Guaranteed investment contract (guaranteed income contract)
A guaranteed investment contract (GIC), also referred to as a guaranteed income contract, is a
CONTRACT between an
INSURANCE company and a pension plan (i.e.,
401(K) PLAN) or corporate
PROFIT-sharing plan that guarantees a specific rate of return on the invested
CAPITAL over the life of the agreement. The insurance company guarantees the rate of return and earns a profit by investing the funds in securities of similar
DURATION (time to maturity) as the length of the agreement. For example, with a 10-year, 5-percent GIC, the pension plan will receive, on the employee’s behalf, a 5-percent yield for 10 years. The insurance company will invest in
BONDS,
MORTGAGEs or other debt securities that mature in 10 years. If the
INVESTMENTS yield 7 percent, the insurance company profits by the spread, 2 percent between the guaranteed return and the yield. The insurance company assumes all credit, market, and interest-rate
RISKS. Credit or
DEFAULT risk is the potential for a borrower to not repay their loan. Market or systematic risk is the risk associated with changing values in all securities in a class.

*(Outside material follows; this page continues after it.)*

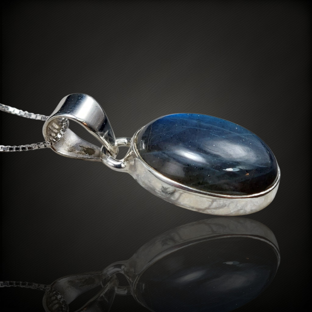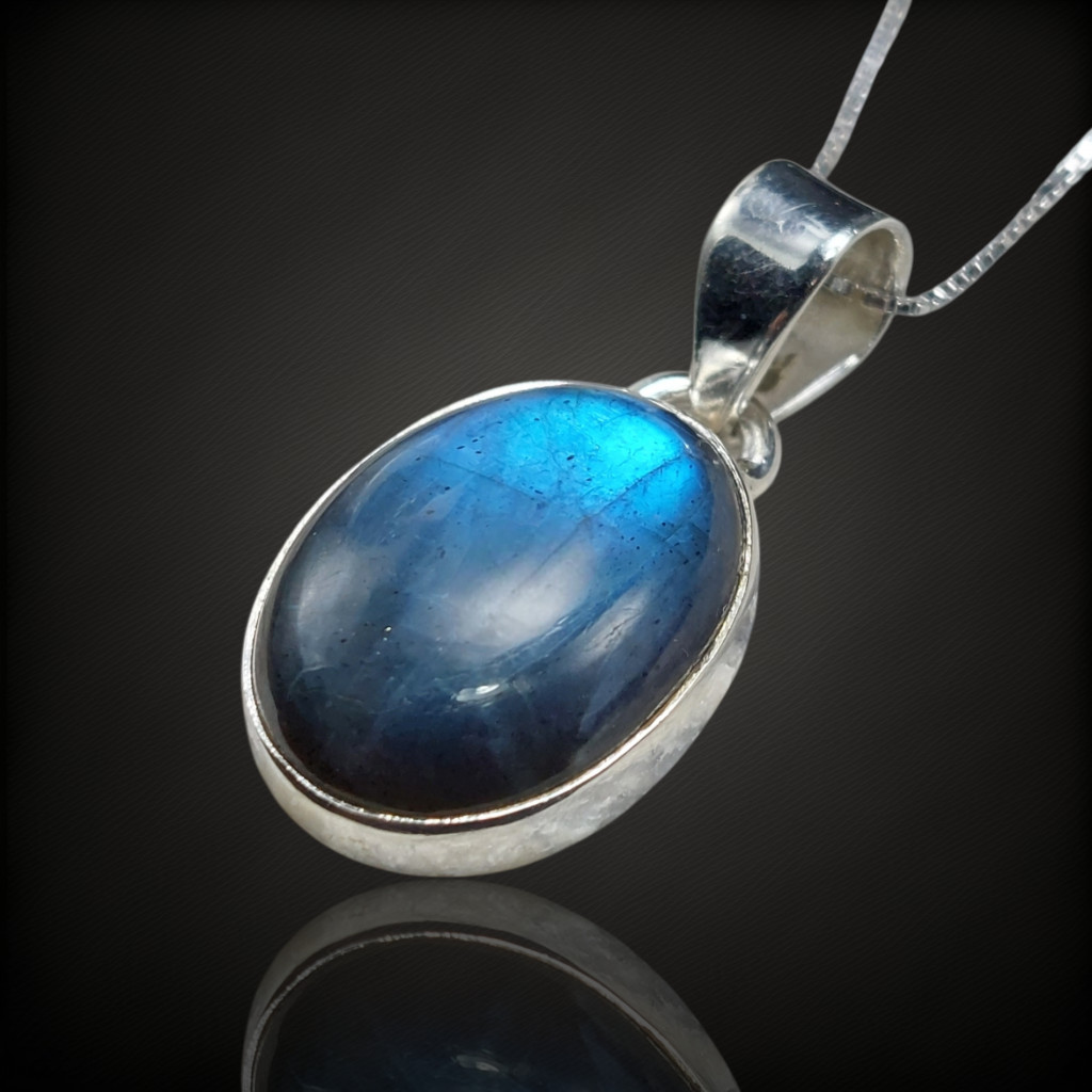 Labradorit köves ezüstmedál.A medál nagysága bújtatóval együtt: 26mmA kő nagysága: 17x13mm, származási helye: MadagaszkárAz ékszer anyaga 925-ös finomságú ezüst.A kő színe élőben kis mértékben eltérhet a képen láthatótól.A nyaklánc nem tartozék!

STOCK MARKET risk is measured by the
BETA COEFFICIENT, a statistical measure of the variability in a stock’s price relative to the overall variability of stock-market prices. Interest-rate risk is the potential for fixed-interest-rate securities to decline in value if
INTEREST RATES rise. The term guaranteed refers to the rate of interest to be paid over the life of the contract, but it does not guarantee repayment of principal (the amount invested). Americans are used to
FEDERAL DEPOSIT INSURANCE CORPORATION (FDIC) guarantees on bank deposits. The FDIC, a governmentsponsored
CORPORATION, guarantees depositors’ savings should the bank fail. Insurance companies are not federally guaranteed. As a group, there have been relatively few defaults among GICs, and even when a GIC has failed, investors got most if not all of their principal returned. As an investment in a
RETIREMENT PLAN, GICs are referred to as stable-value
ASSETS. GIC yields are almost always higher than money-market funds and similar to bond funds. Because investors are accepting a guaranteed rate, they are taking less risk than if they put their money in stock
MUTUAL FUNDS. Stock mutual funds have historically generated higher yields than bonds or other fixedincome securities, but with greater variation in the short run. During the “go-go” years of the stock market during the mid-to-late 1990s, many employees removed their retirement investments from GICs and put them into stock mutual funds. With the decline of the stock market in early 2000, GICs again became popular.